Taglio delle alberate stradali. Critiche dal WWF: strage senza senso

Il taglio dei filari di pini che da decenni segnavano la strada della Piana delle Cinque Miglia non è un caso isolato. In questi giorni l’ANAS e altri enti proprietari/gestori di arterie stradali stanno procedendo ad abbattere alberate stradali poste lungo le arterie di loro competenza con il presupposto obiettivo di migliorare la sicurezza degli automobilisti.

 

Questi interventi hanno un’origine lontana. Si basano sull’interpretazione letterale del codice della strada (D.lgs 285/1992, art. 16) e del relativo regolamento di esecuzione e di attuazione (D.P.R. 495/1992, art. 26), che vietano, sulle strade extraurbane, di piantare alberi sulle fasce di rispetto per una distanza di 6 metri dal ciglio stradale. In effetti la norma vieta i nuovi impianti, non dicendo nulla su quelli esemplari esistenti, ma dalla sua approvazione è stato un susseguirsi di tagli massivi indiscriminati che stanno privando i nostri territori di importanti presidi paesaggistici e ambientali, quali le alberate stradali.

 

Le alberate stradali sono parte del paesaggio italiano tanto che già nel 1966 vi fu un intervento dell’allora Ministero dei Lavori Pubblici che, con la circolare n. 8321 dell’11 agosto 1966 (“Alberature stradali. Istruzioni per la salvaguardia del patrimonio arboreo in rapporto alla sicurezza della circolazione stradale”), introdusse il concetto di “paesaggio stradale” per salvaguardare dalla furia anti-albero il patrimonio storico-paesaggistico-ambientale costituito dai filari.
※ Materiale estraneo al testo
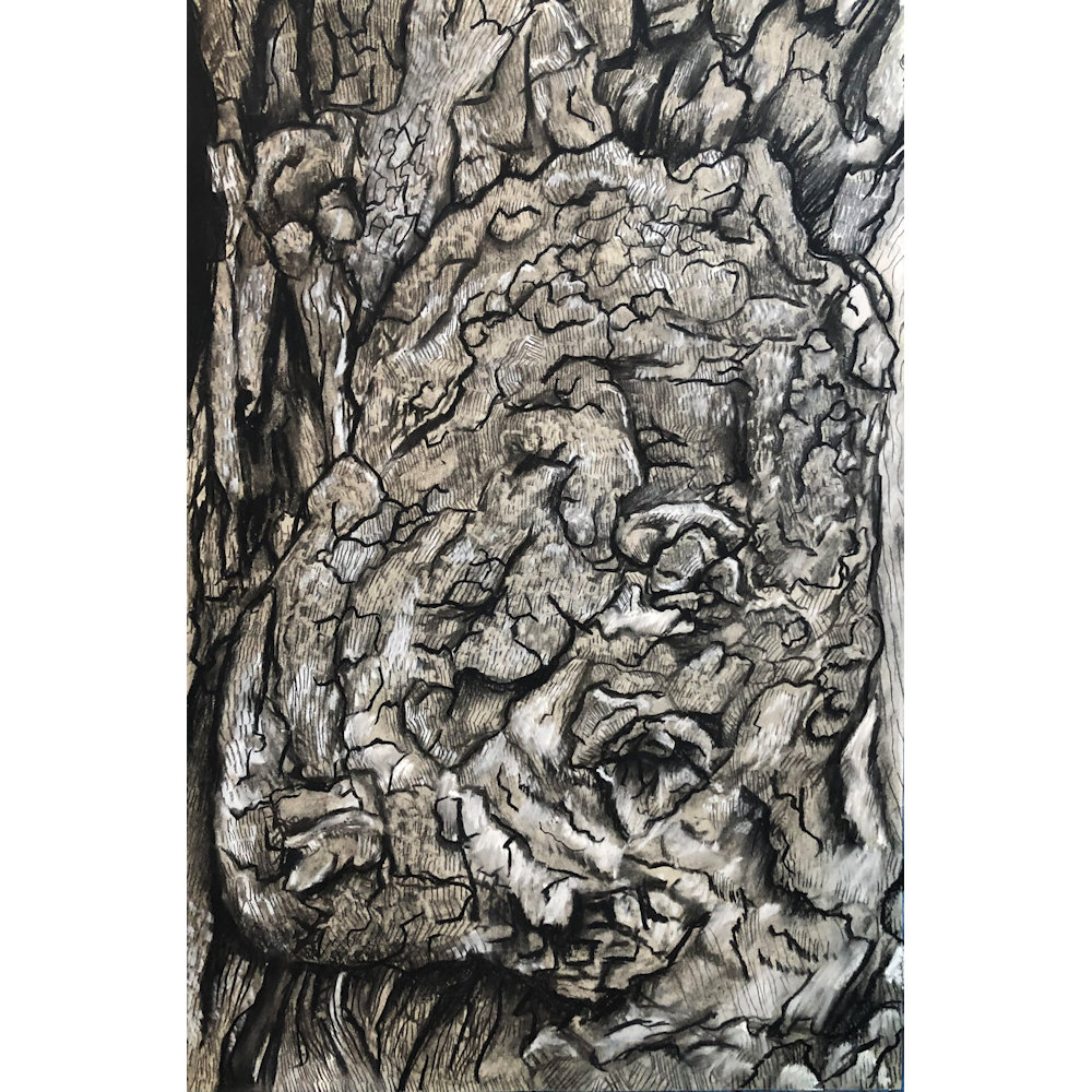 Expressive line work brings this image to life, revealing the dense knots, cracks, and swirling grain of a tree burl that subtly exposes a face emerging from the wood. Layers of crosshatching and ink washes create depth and movement, encouraging the viewer to uncover new details within the richly textured surface.

Purtroppo, anche a seguito di alcune sentenze della Corte di Cassazione che hanno condannato i responsabili di tratti stradali dove sono avvenuti incidenti automobilistici, i tagli hanno ripreso vigore. In realtà la Cassazione ha anche indicato la necessità di installare apposite protezioni (guard rail e/o barriere), ma gli enti proprietari/gestori di strade, ANAS in testa, preferiscono eliminare totalmente le alberature per mettersi al riparo da ogni responsabilità. E così alberi secolari, filari storici, interi ecosistemi vengono cancellati dalle motoseghe in nome di una presunta maggior sicurezza, senza che nessuno valuti complessivamente il valore storico, naturalistico e paesaggistico di quanto si sta distruggendo.

 

Ma se si interviene sugli alberi, perché non si interviene anche in tutti i casi in cui le strade presentano altri ostacoli nella fascia di rispetto dei sei metri? In nome della sicurezza andrebbe abbattuto tutto ciò che potrebbe costituire un pericolo per l’automobilista che dovesse uscire fuori dalla carreggiata: via quindi cartelloni, recinzioni, case, tralicci, ecc., magari posizionando balle di fieno o barriere di gomme, analogamente a quanto si fa per i circuiti di formula 1 o i percorsi di rally, trasformando così le nostre strade in veri e propri percorsi dedicati solo alle automobili che potranno sfrecciare senza problemi…

 

Provocazioni a parte sarebbe il caso che gli organismi competenti (Ministero delle Infrastrutture dei Trasporti, Regione, Province, Comuni, Soprintendenza, ANAS, ecc.) elaborassero una linea comune che possa porre un freno a una furia distruttrice che non risolve i problemi della sicurezza stradale, ma acuisce invece quelli legati al rumore, all’inquinamento, all’impoverimento della biodiversità, alla banalizzazione del paesaggio, ecc. Come WWF ribadiamo il nostro invito, già lanciato in occasione del taglio dei filari di pino lungo la strada della Piana delle Cinque Miglia, per un confronto generale sul tema che coinvolga anche l’Ordine regionale degli Agronomi e l’Ordine regionale degli Architetti, Pianificatori, Paesaggisti e Conservatori.